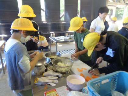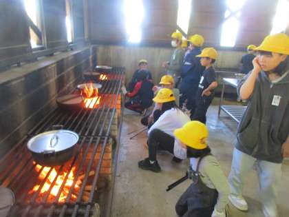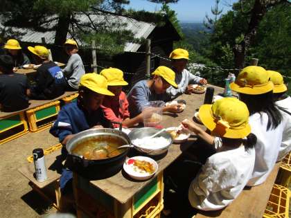 2日目の活動は野外炊飯。ご飯とカレーを作りました。班ごとに手際よく調理することができ、予定より大幅に早く完成しました。11時には、山の景色を見ながらおいしいカレーを食べることができました。来たときよりも美しくを目指し、片付けも進んで行いました。
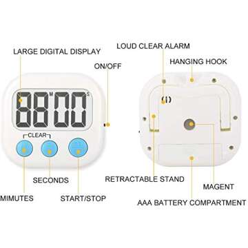 WUTL 11 4 Pack Digital Kitchen Timer Strong Magnetic Electronic Countdown and Count Up, Loud Alarm Small Size
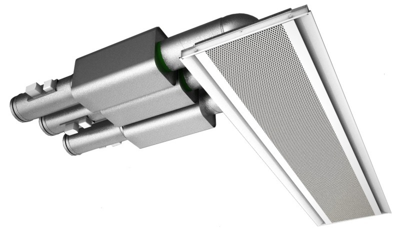 Das durchgehende und stilvolle Design, das durch eine gemeinsame Auslassfront erzielt wird, verleiht dem Klimabalken eine diskrete und elegante Ästhetik, die vor allem in Büro- und Konferenzräumen von großer Bedeutung ist – Designermöbel und Dekor werden so durch die Technik komplettiert und perfektioniert. Zudem spart die Kombination der fünf Funktionen in einem Produkt sowohl Zeit als auch Geld bei der Installation.
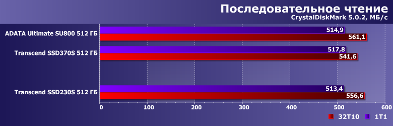 | AData Ultimate SU800 512 ГБ | Transcend SSD370S 512 ГБ | Transcend SSD230S 512 ГБ |
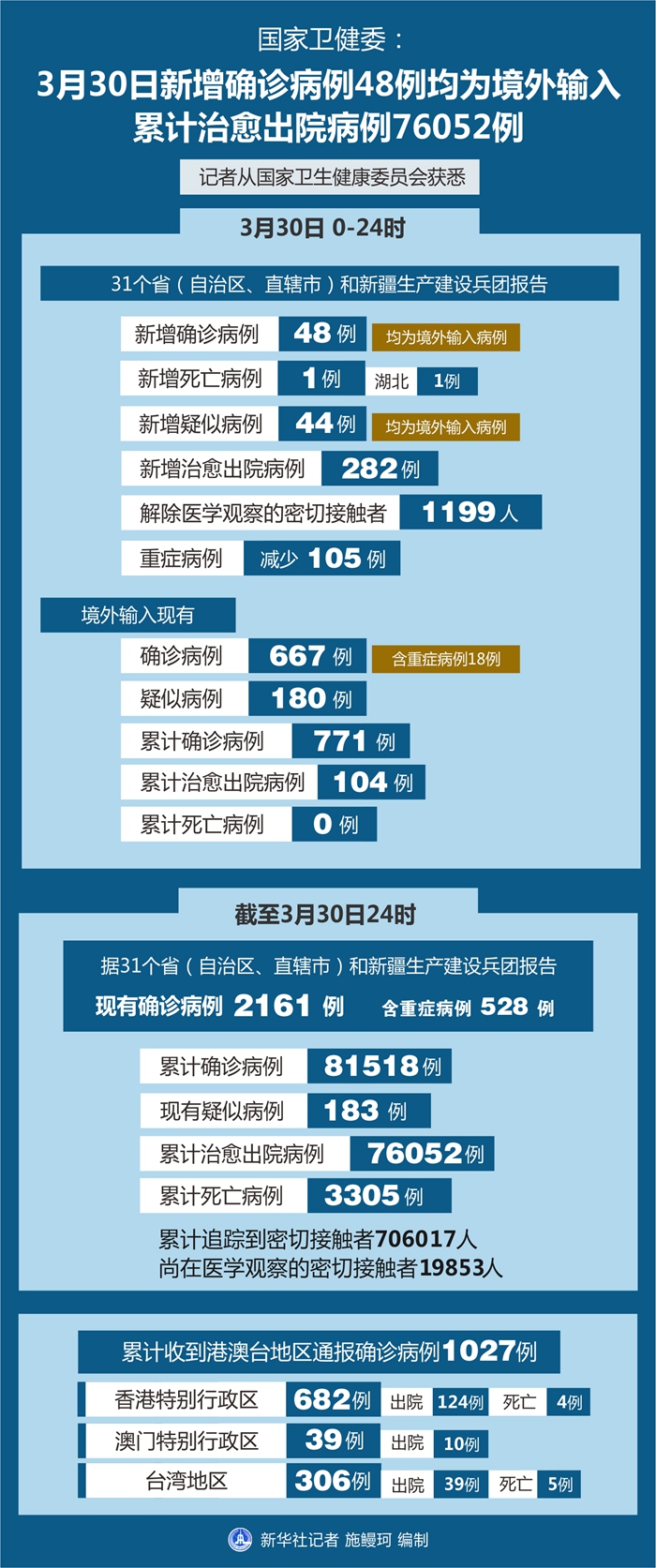 新華社北京3月31日電(記者劉羊旸、王秉陽)記者31日從國家衛(wèi)生健康委員會(huì)了解到,3月30日0—24時(shí),31個(gè)?。ㄗ灾螀^(qū)、直轄市)和新疆生產(chǎn)建設(shè)兵團(tuán)報(bào)告新增確診病例48例,均為境外輸入病例;新增死亡病例1例(湖北1例);新增疑似病例44例,均為境外輸入病例。
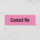 Ce mini carte de visite rose dit "contactez-moi" sur le devant du carte de visite. L'arrière contient quatre lignes de texte noir pour votre nom et vos coordonnées, telles que votre numéro de téléphone, votre adresse e-mail et/ou votre adresse de médias sociaux. Tout le texte peut être modifié ou supprimé.
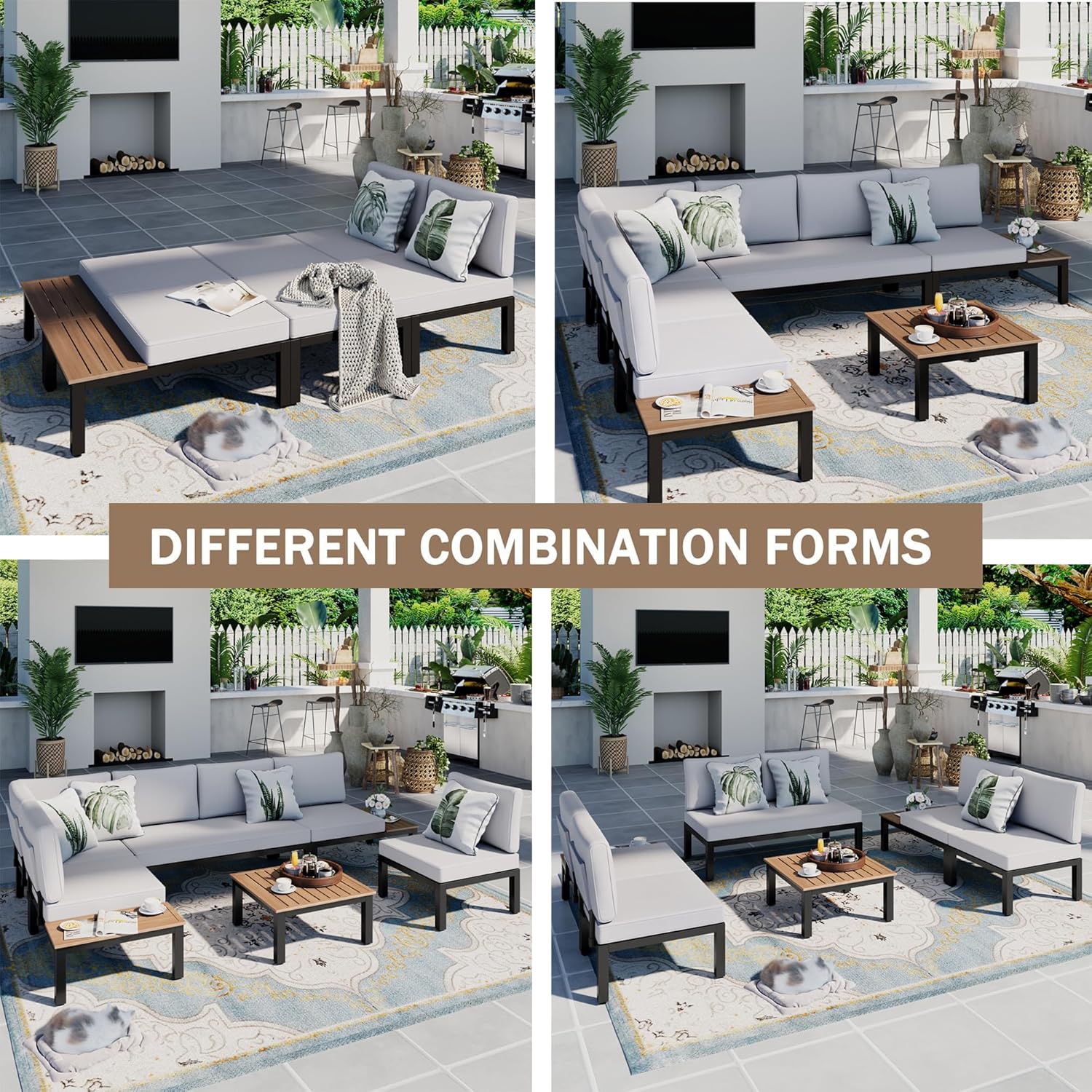 - 【Modular Design】: Our modular patio sectional set design allows you to arrange the pieces in multiple configurations to suit your space and preferences. Whether you want a cozy corner setup or an expansive seating area, this versatile design adapts to your needs, making it perfect for gatherings of any size
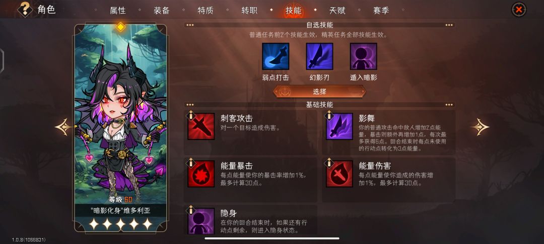 a. 弱点攻击+幻影刃+遁入暗影。这是一套方便挂自动的方案,这套方案不能点移动力,不然刺客会脱节容易死亡。下限高,叠层反面于另一套而言较慢一点。
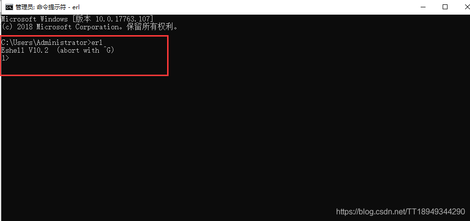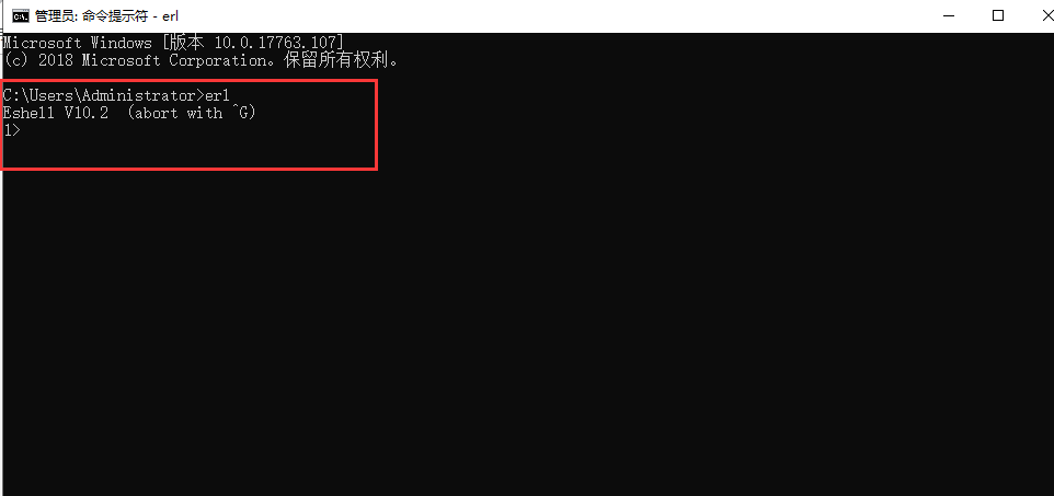 第三步,输入 erl验证,出现如下提示版本信息,则表示配置成功,否则请检查配置。
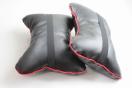 レッドパイピング付きネックパッドです。運転席や助手席のヘッドレストに取り付けて首にフィットさせ 、肩の凝りや疲れを緩和してくれるアイテムです。ヘッドレストにひっかけるだけ。裏にゴムバンドがついておりますのであらゆる車種に対応します。
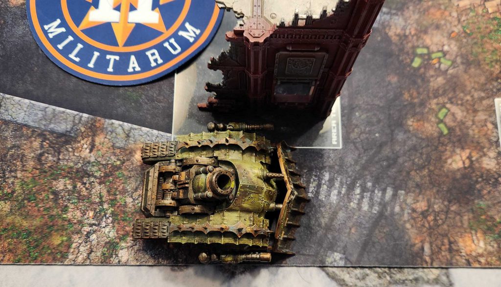 For the most part, events tend to define this space as being 4.5" to 5" wide, which is large enough for most vehicles - including the Plagueburst Crawler there - to pass through, even if that's not physically how things are set up on the table. You'll want to be aware of this going in - whether you can move through that gap makes a huge difference in your game plan.
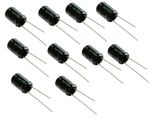 Een set van 10 elektrolytische condensatoren. Deze elektrolytische condensatoren hebben een capaciteit van 1μF met een tolerantie van 20%. De condensatoren kunnen worden aangesloten op een spanning van maximaal 450V.
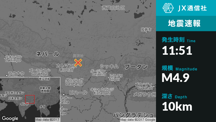 12月08日 11:51頃、中国のZuobudeから南南西25kmの地点でM4.9の地震がありました。
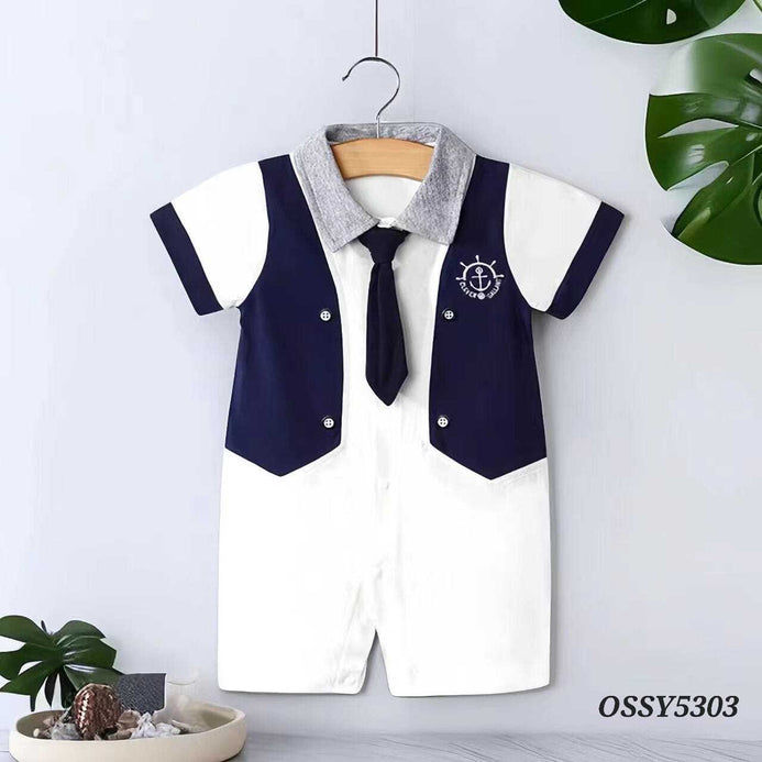 Pat Pat Anchor Wais Coat Style White Romper With Tie 12926
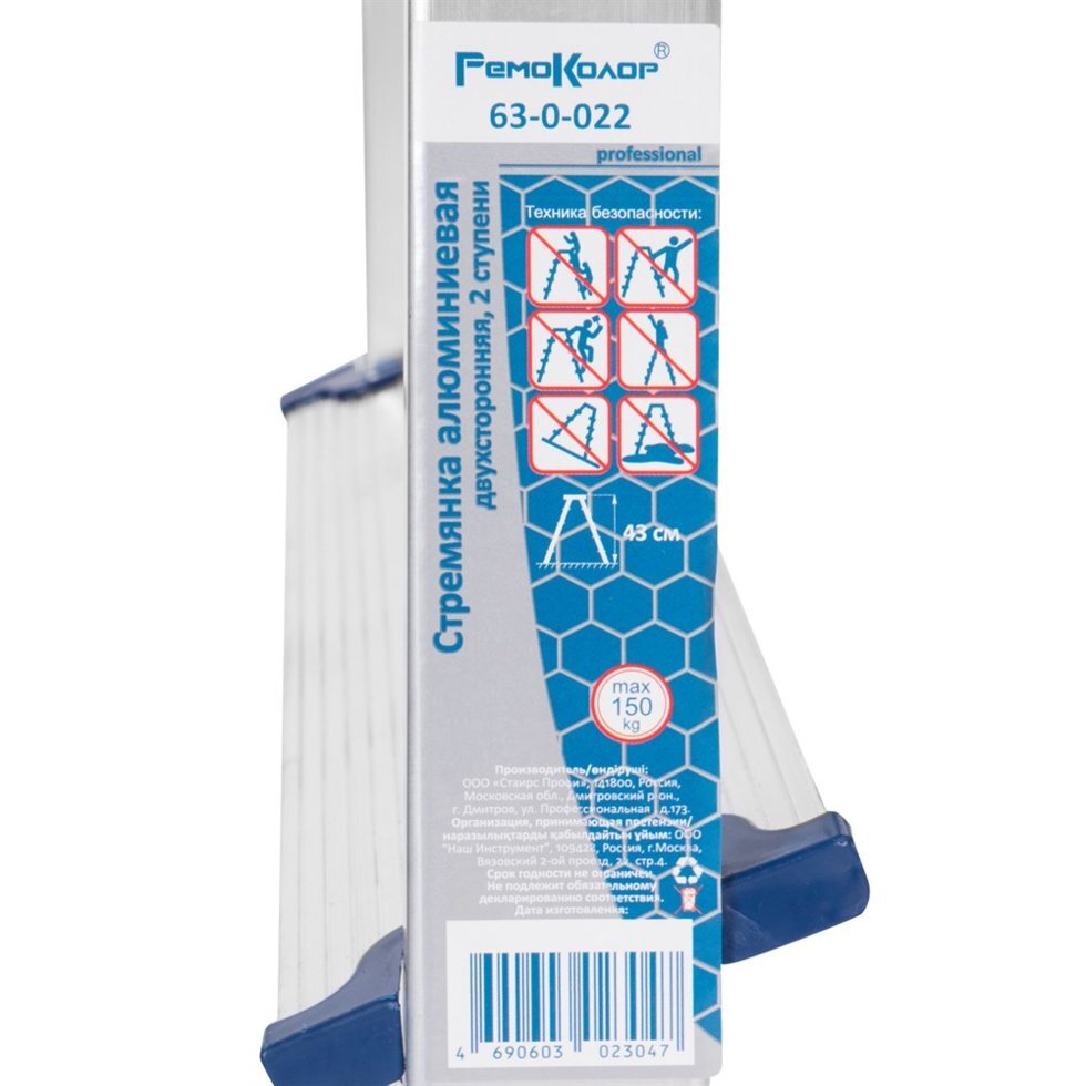 Стремянка алюминиевая двухсторонняя 2 ступени Ремоколор
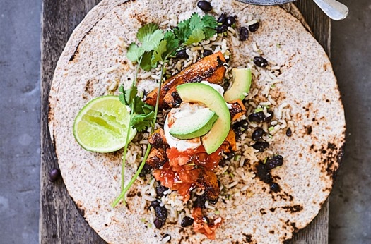 Warm the wraps according to the pack instructions. Serve each wrap filled and rolled with the rice, squash, a drizzle of coconut yoghurt and any extras such as avocado, salsa or chilli sauce.
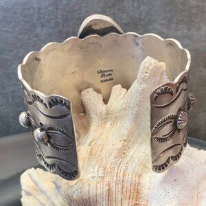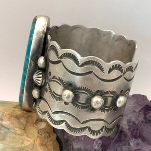Navajo Kingsman Turquoise Stamped Sterling Silver Large Cuff Bracelet Butte J815
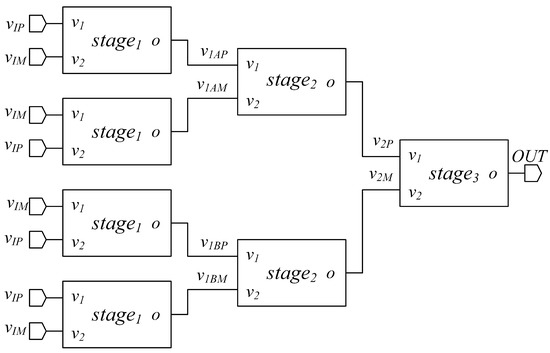 The block scheme of the proposed OTA architecture is depicted in Figure 1. This architecture of ULV OTA was derived from the OTA introduced by the authors in [20] and is a three stage, tree-like OTA, made up of the cascade of differential-to-single-ended converter stages, to maximize CMRR. Three different topologies are exploited in the three stages of the OTA to optimize the tradeoff between performance and efficiency. Each one of these stages was extensively investigated and their behavior is discussed in the next subsections. It has to be remarked that the proposed ULV OTA makes extensive use of the body terminals of MOS devices and thus it can be implemented only in CMOS technologies (such as triple-well-bulk or FDSOI), where both NMOS and PMOS transistors have available body connections. However, this is not a strong limitation, since most modern processes have available body connections for both PMOS and NMOS transistors.
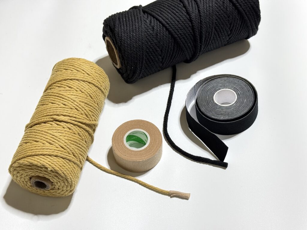 棉紐や毛糸などをワラーチのサンダル紐に使う時のほつれ止めは、テーピングテープがお勧め
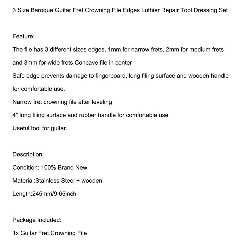 • Material:Stainless Steel + wooden,Length:245mm/9.65inch,Useful tool for guitar.
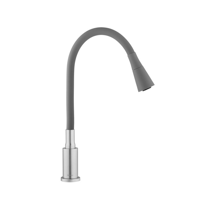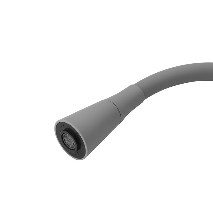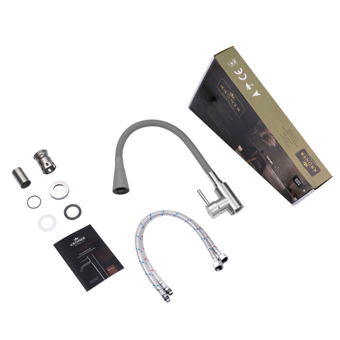 Kroner ESG031GRA - ідеальний варіант для тих, хто віддає перевагу стриманим і світлим тонам в інтер'єрі кухні. Змішувач виконаний в єдиній колірній гамі: сталевий корпус та сірий силіконовий вилив створюють лаконічний образ, який легко впишеться в сучасний або мінімалістичний інтер'єр.

▶ WORK INSTRUCTION
Above are the records; set down exactly the lines from the line containing "tool for guitar." through their last line, leaving every picture out.

▶ RESULT BELOW
 • Material:Stainless Steel + wooden,Length:245mm/9.65inch,Useful tool for guitar.
 Kroner ESG031GRA - ідеальний варіант для тих, хто віддає перевагу стриманим і світлим тонам в інтер'єрі кухні. Змішувач виконаний в єдиній колірній гамі: сталевий корпус та сірий силіконовий вилив створюють лаконічний образ, який легко впишеться в сучасний або мінімалістичний інтер'єр.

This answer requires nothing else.